Speaking to business leaders at the B.C. Chamber of Commerce in Vancouver, newspaper publisher David Black said he plans to sign a memorandum of understanding within a month with a major investment firm for the $25 billion project.
"This refinery project, I believe, will be seen as the best business project of the century by the time it's done," he said.
The plant, to be built north of Kitimat, would refine oil from the Alberta oilsands shipped either by pipeline or rail.
Black says he's teamed with Oppenheimer Investments Group, a Switzerland-based firm, to raise the funds to proceed.
The original $13 billion price tag of the refinery itself has risen to $16 billion with the choice to implement new technologies to reduce greenhouse gases, and other costs with the project bring the total capital investment to $25 billion.

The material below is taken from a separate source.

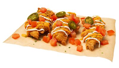 Chachos are essentially a fried chicken version of nachos. However, instead of tortilla chips, the Chachos are made with KFC's Original Recipe chicken tenders. The crispy chicken is then topped with nacho cheese sauce, sliced jalapenos, diced tomatoes, sour cream, and chives—just like traditional nachos.

Black told the B.C. Chamber of Commerce the extra $3 billion cost for the refinery is due to plans to use a newly-patented "cleaner" approach to processing heavy oil.
"We will be the first in the world to use it. All other heavy oil refineries use coking equipment. Our consultants estimate [the] Fischer-Tropsch [process] will increase our capital costs by $3 billion, but it will decrease greenhouse gases per barrel by 50 per cent. Our refinery will now be much, much cleaner than any other heavy oil refinery in the world," Black said.
Black said the refinery would likely be accompanied by a $6 billion oil pipeline, a $2 billion gas pipeline, and new oceangoing tankers that could cost an additional $1 billion, bringing the total for the project to $25 billion.
Black also said a new Mustel poll he commissioned last week found the majority of people in B.C. agree the province and Canada should add value to natural resources before exporting them.